部屋の入口は閉めておきたいという場合も、ドアであればその下端はアンダーカットといって隙間がありますので、効果はゼロではありません。
また、1か所の窓でもそれが引き違い窓であれば、その左右両方を少しずつ開けるほうが効果的です。
片方だけを大きく開けると、それは通風の心地よさというよりは、むしろ落ち着かない環境にもなりえるため注意が必要です。

これから家を建てるという方へ。

窓はたくさんの種類があります。

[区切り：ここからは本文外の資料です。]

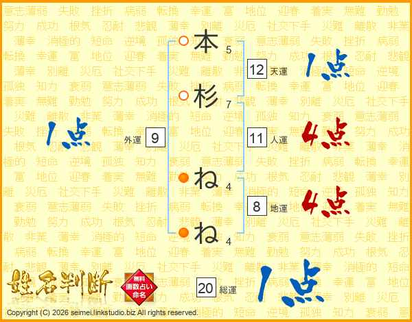 本杉ねねさんの総運は20画の1点!

通風という観点では、「その位置と開け方」がポイントになります
引き違い窓は昔からあって分かりやすいかもしれませんが、今では押して開ける窓、引っ張って開ける窓も一般的です。
回して開ける窓もあります。高い位置では電動式もあります。窓の下側が開く場合もあれば、上側が開く場合もあります。
窓の取り付ける位置によって開けやすさも変わってきます。

そして、忘れてはいけないのが網戸の存在です。夏場、虫が苦手な方には網戸は必須です。
網戸は必ず窓とセットということではなく別注文であることも増えてきました。
そして、アコーディオンカーテンのように伸び縮みするもの、それが横引きであったり、上から降ろすものであったりと様々です。
年代によってその使いやすさや親しみの感覚は多少違うかもしれませんが、網戸もいろんな使い勝手のものがあります。

通風は昔ながらの涼を生み出す知恵ですが、窓の位置、開け方、網戸といった現代の様式と上手く付き合い、その心地よさを手に入れてほしいと思います。